MATERIAL TO PROCESS:
━━━━━━━━━━━━━━━━
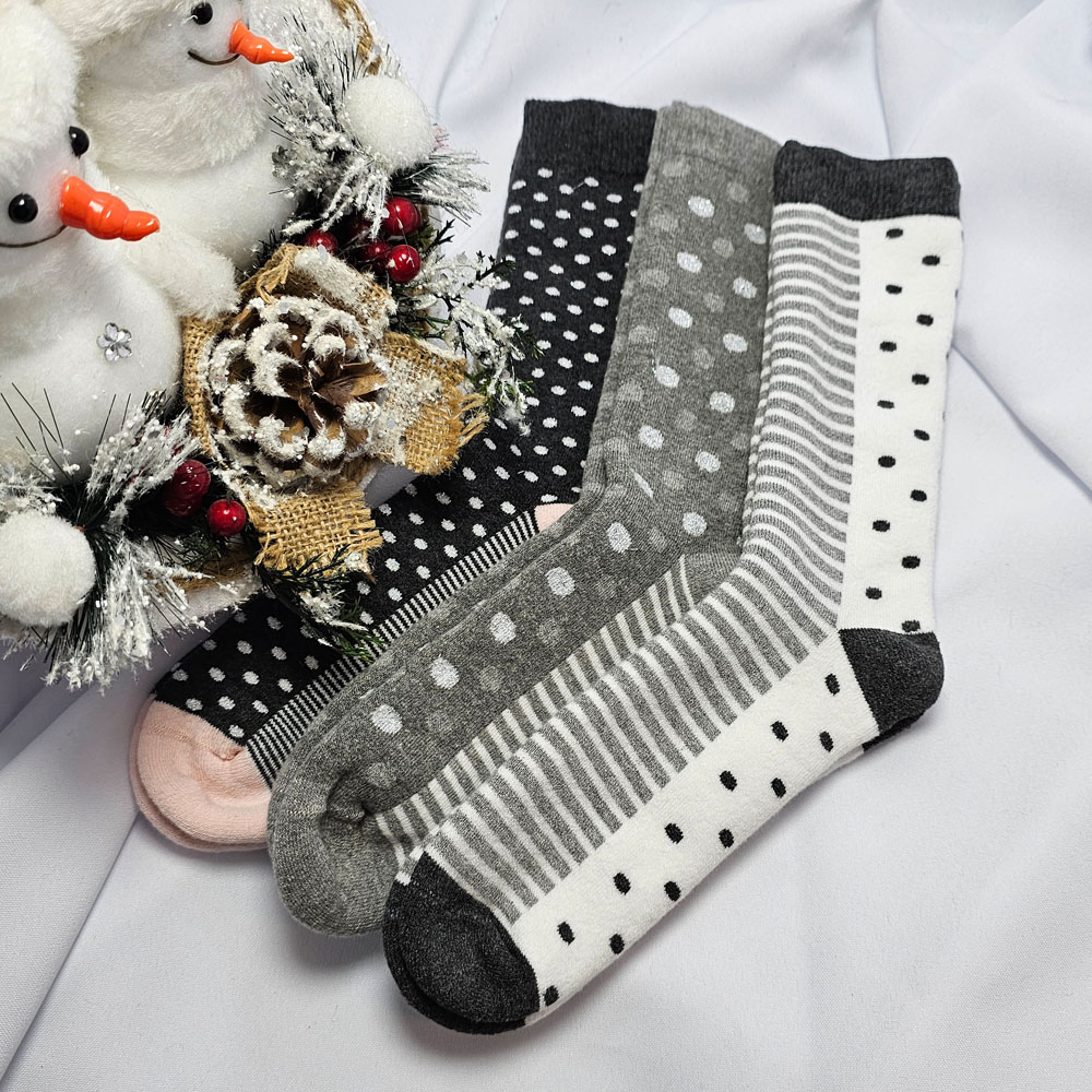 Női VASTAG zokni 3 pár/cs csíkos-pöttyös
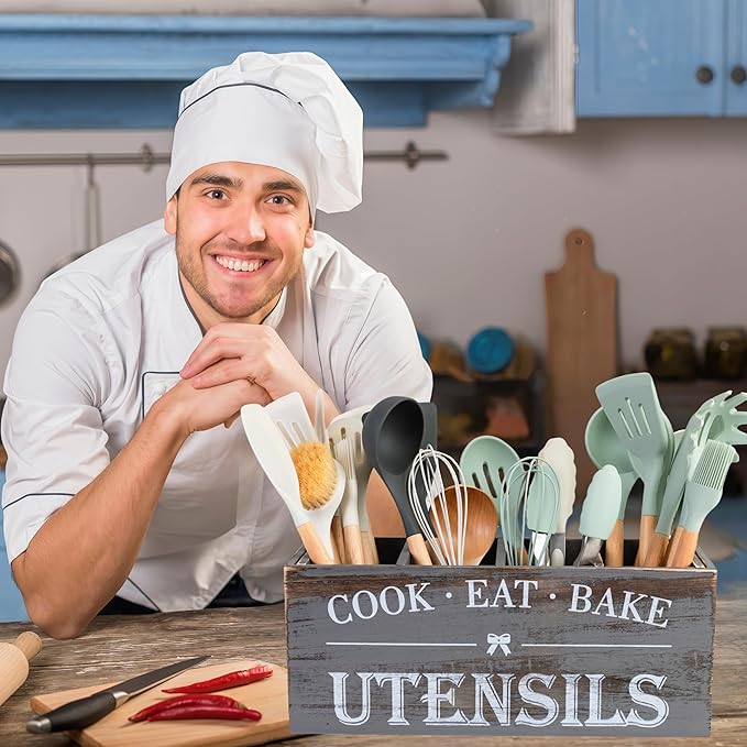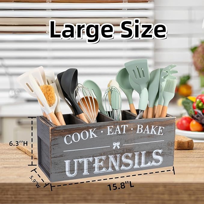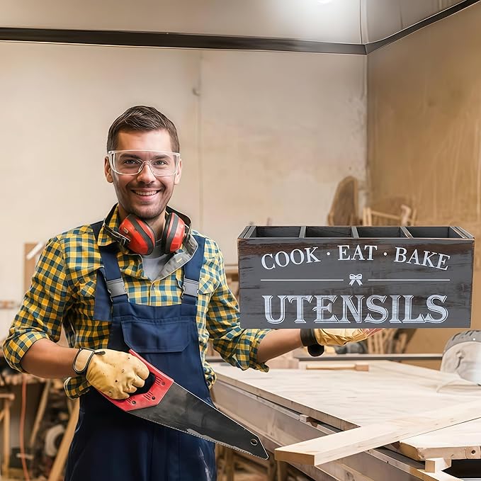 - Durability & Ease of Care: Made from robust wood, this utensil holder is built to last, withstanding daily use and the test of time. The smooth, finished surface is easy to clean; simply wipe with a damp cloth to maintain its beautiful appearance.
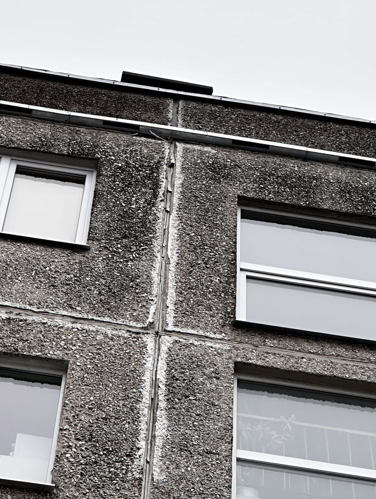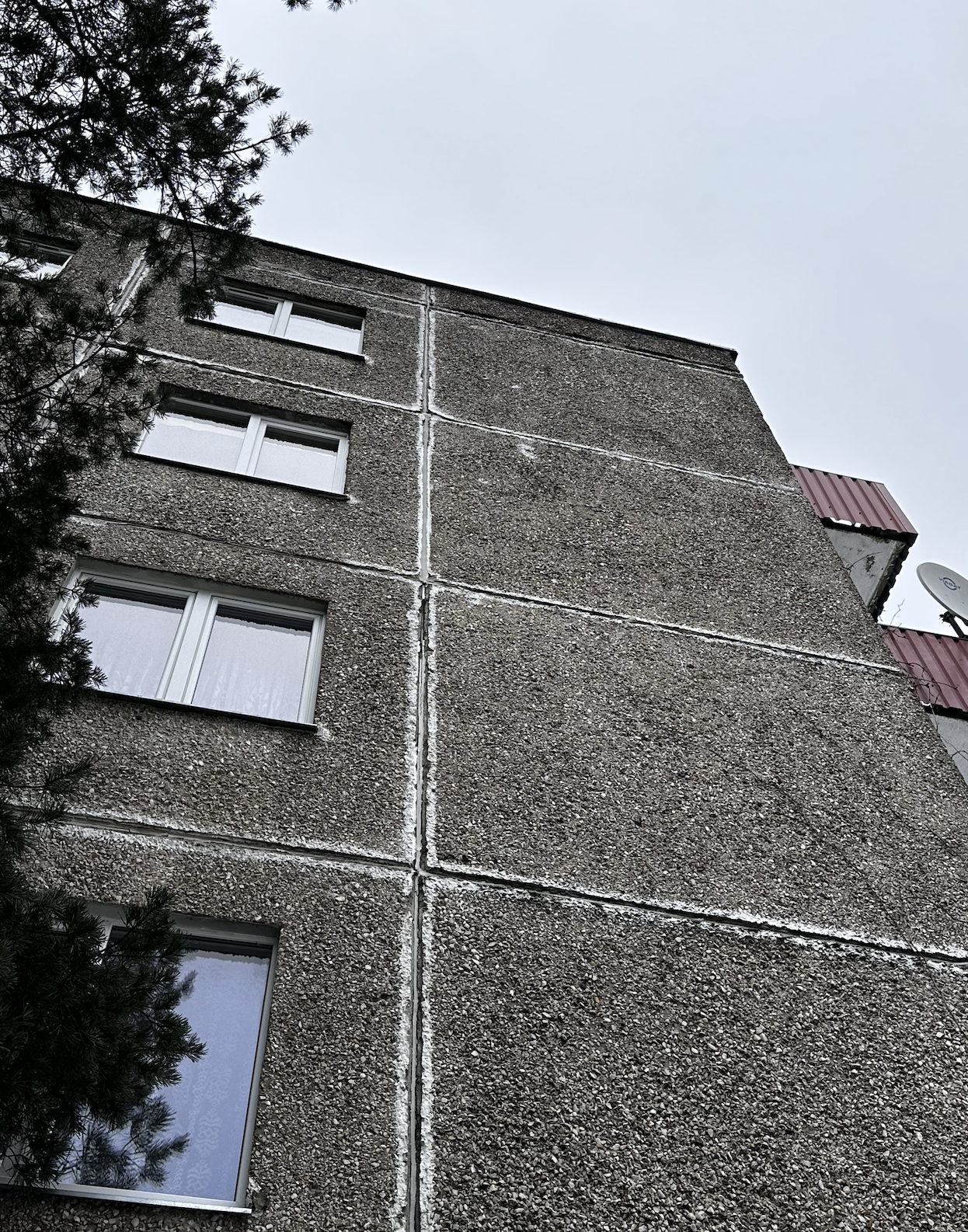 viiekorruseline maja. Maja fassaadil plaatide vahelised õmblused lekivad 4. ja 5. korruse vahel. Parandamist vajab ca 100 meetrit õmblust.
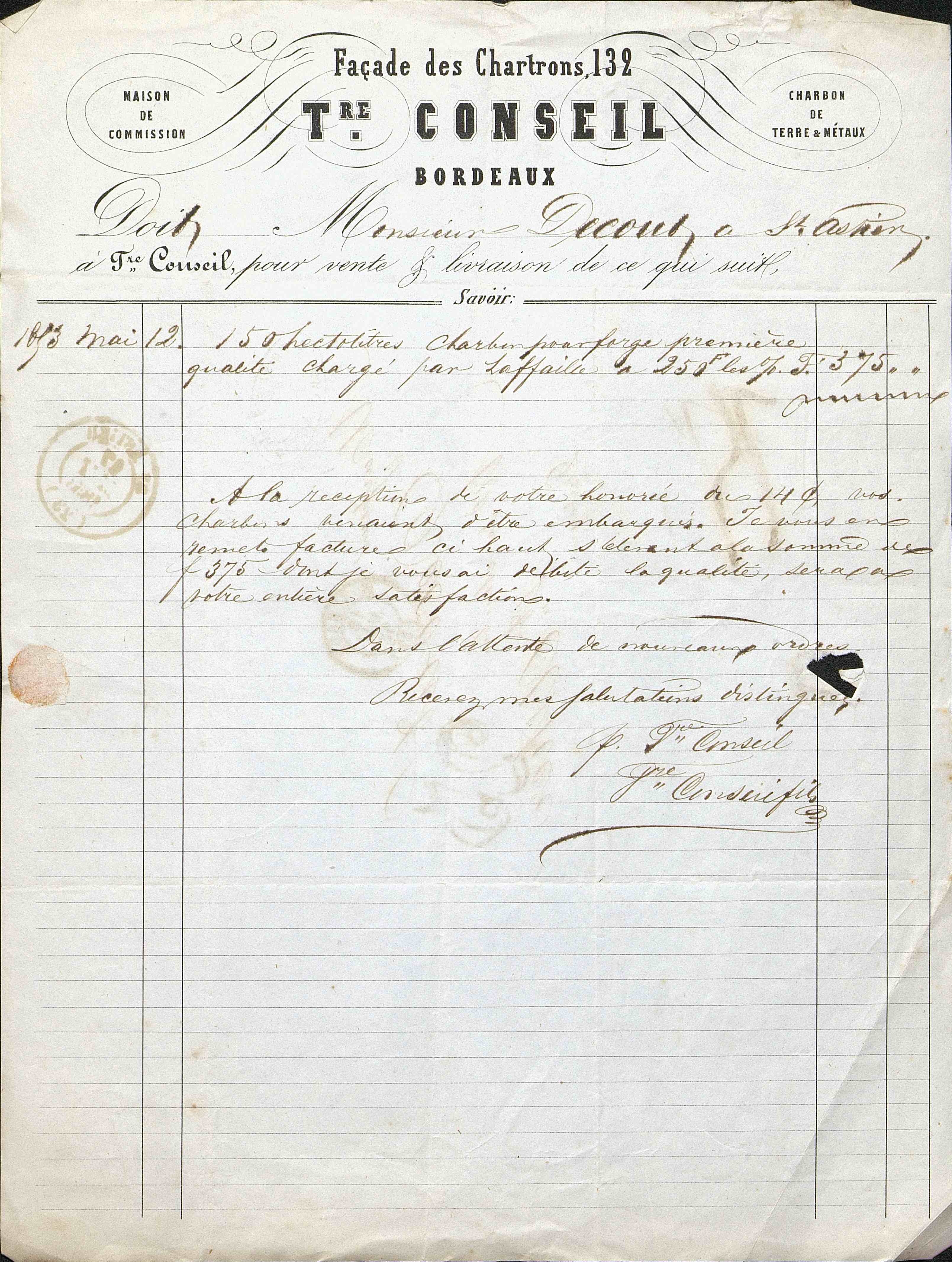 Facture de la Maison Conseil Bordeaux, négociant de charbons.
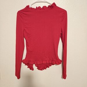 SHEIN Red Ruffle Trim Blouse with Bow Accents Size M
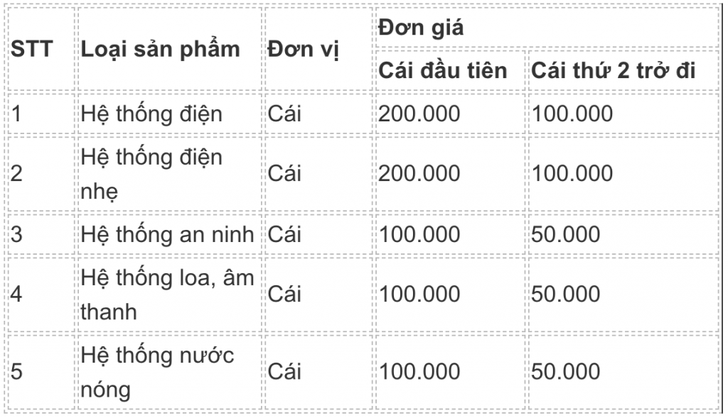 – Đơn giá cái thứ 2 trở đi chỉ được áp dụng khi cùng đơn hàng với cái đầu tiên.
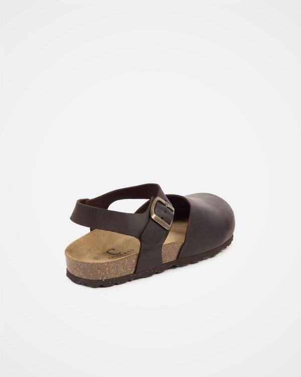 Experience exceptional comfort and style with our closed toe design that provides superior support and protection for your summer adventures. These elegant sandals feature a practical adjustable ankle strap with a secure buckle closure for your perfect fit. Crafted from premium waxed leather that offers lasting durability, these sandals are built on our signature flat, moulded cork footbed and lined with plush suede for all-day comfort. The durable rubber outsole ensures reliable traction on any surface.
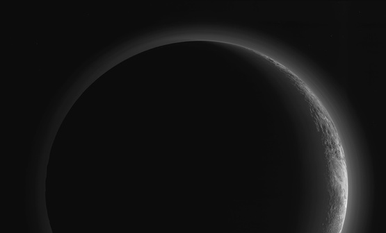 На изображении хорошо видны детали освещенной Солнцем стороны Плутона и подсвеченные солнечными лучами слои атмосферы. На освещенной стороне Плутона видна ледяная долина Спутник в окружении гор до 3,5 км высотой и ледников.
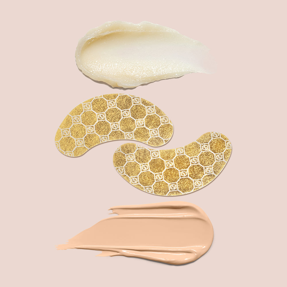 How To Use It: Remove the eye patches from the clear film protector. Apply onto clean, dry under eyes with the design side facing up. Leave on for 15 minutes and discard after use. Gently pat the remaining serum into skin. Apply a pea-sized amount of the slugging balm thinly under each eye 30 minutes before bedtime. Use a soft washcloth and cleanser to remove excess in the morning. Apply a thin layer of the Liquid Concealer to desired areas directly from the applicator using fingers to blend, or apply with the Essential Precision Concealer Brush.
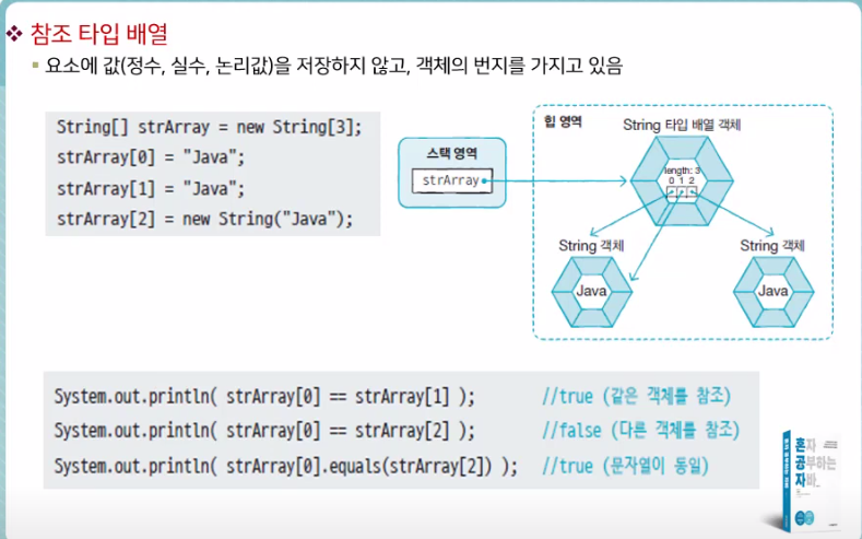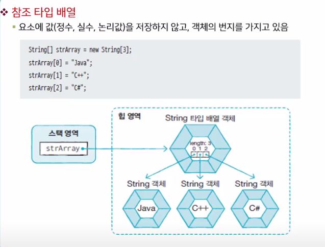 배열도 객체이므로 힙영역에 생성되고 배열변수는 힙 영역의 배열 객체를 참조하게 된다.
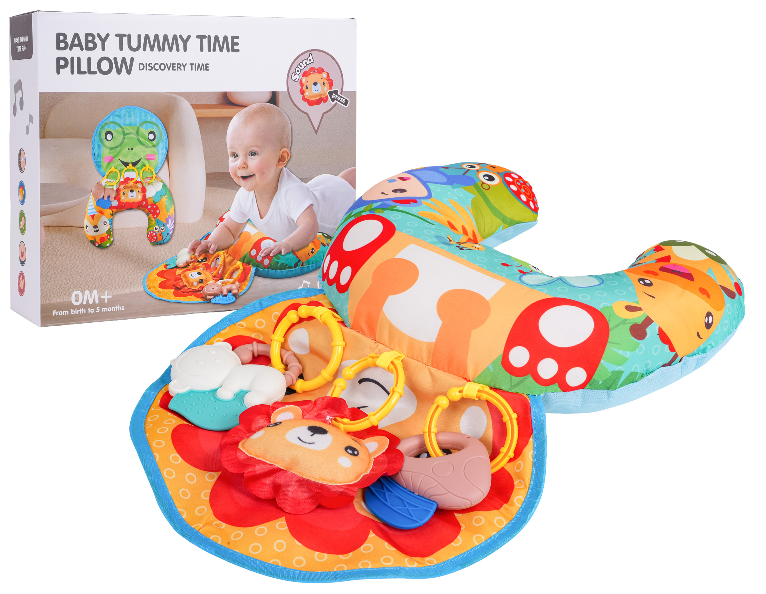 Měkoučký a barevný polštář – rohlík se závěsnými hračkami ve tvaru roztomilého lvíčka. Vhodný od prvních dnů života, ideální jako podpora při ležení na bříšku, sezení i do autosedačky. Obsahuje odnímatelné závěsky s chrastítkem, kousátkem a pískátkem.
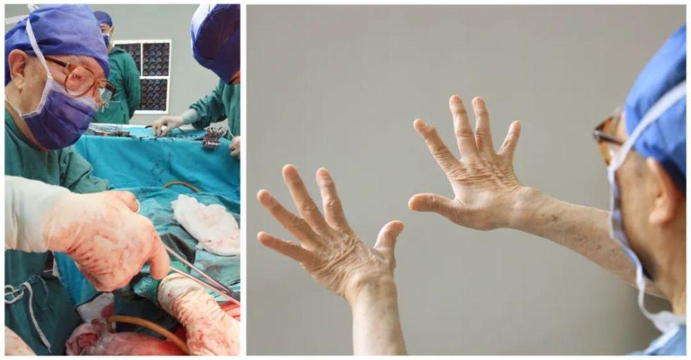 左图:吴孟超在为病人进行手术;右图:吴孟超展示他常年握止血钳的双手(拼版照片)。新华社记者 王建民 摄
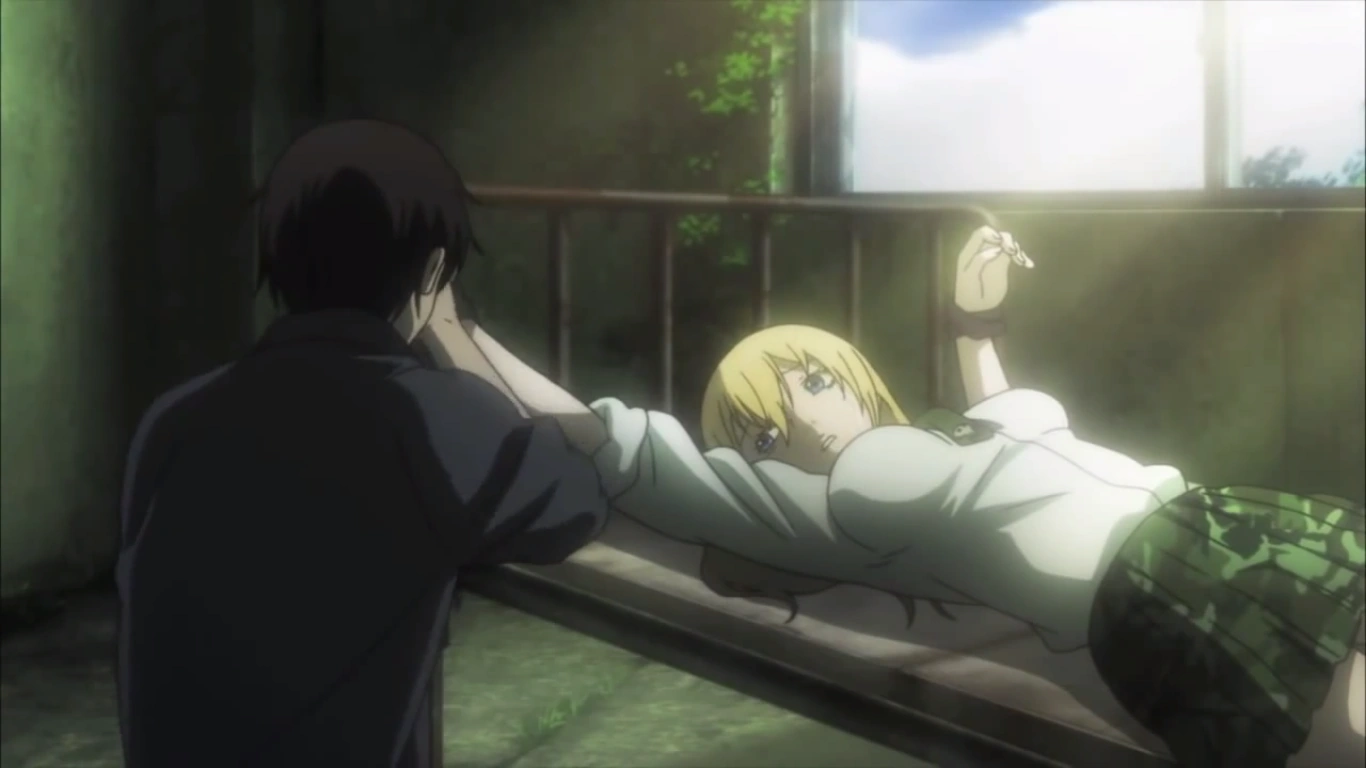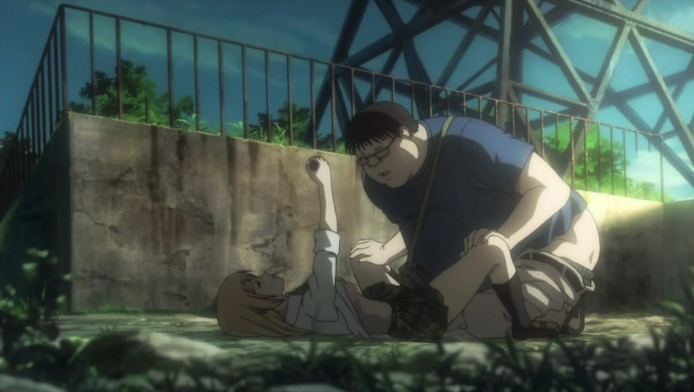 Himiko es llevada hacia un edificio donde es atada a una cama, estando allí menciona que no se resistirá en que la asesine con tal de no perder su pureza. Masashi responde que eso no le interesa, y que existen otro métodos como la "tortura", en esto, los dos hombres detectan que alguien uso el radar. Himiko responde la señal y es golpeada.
━━━━━━━━━━━━━━━━
WHAT TO PRODUCE:
Reproduce each entry precisely; the pictures stay out.

YOUR SOLUTION:
 Női VASTAG zokni 3 pár/cs csíkos-pöttyös
 - Durability & Ease of Care: Made from robust wood, this utensil holder is built to last, withstanding daily use and the test of time. The smooth, finished surface is easy to clean; simply wipe with a damp cloth to maintain its beautiful appearance.
 viiekorruseline maja. Maja fassaadil plaatide vahelised õmblused lekivad 4. ja 5. korruse vahel. Parandamist vajab ca 100 meetrit õmblust.
 Facture de la Maison Conseil Bordeaux, négociant de charbons.
 SHEIN Red Ruffle Trim Blouse with Bow Accents Size M
 – Đơn giá cái thứ 2 trở đi chỉ được áp dụng khi cùng đơn hàng với cái đầu tiên.
 Experience exceptional comfort and style with our closed toe design that provides superior support and protection for your summer adventures. These elegant sandals feature a practical adjustable ankle strap with a secure buckle closure for your perfect fit. Crafted from premium waxed leather that offers lasting durability, these sandals are built on our signature flat, moulded cork footbed and lined with plush suede for all-day comfort. The durable rubber outsole ensures reliable traction on any surface.
 На изображении хорошо видны детали освещенной Солнцем стороны Плутона и подсвеченные солнечными лучами слои атмосферы. На освещенной стороне Плутона видна ледяная долина Спутник в окружении гор до 3,5 км высотой и ледников.
 How To Use It: Remove the eye patches from the clear film protector. Apply onto clean, dry under eyes with the design side facing up. Leave on for 15 minutes and discard after use. Gently pat the remaining serum into skin. Apply a pea-sized amount of the slugging balm thinly under each eye 30 minutes before bedtime. Use a soft washcloth and cleanser to remove excess in the morning. Apply a thin layer of the Liquid Concealer to desired areas directly from the applicator using fingers to blend, or apply with the Essential Precision Concealer Brush.
 배열도 객체이므로 힙영역에 생성되고 배열변수는 힙 영역의 배열 객체를 참조하게 된다.
 Měkoučký a barevný polštář – rohlík se závěsnými hračkami ve tvaru roztomilého lvíčka. Vhodný od prvních dnů života, ideální jako podpora při ležení na bříšku, sezení i do autosedačky. Obsahuje odnímatelné závěsky s chrastítkem, kousátkem a pískátkem.
 左图:吴孟超在为病人进行手术;右图:吴孟超展示他常年握止血钳的双手(拼版照片)。新华社记者 王建民 摄
 Himiko es llevada hacia un edificio donde es atada a una cama, estando allí menciona que no se resistirá en que la asesine con tal de no perder su pureza. Masashi responde que eso no le interesa, y que existen otro métodos como la "tortura", en esto, los dos hombres detectan que alguien uso el radar. Himiko responde la señal y es golpeada.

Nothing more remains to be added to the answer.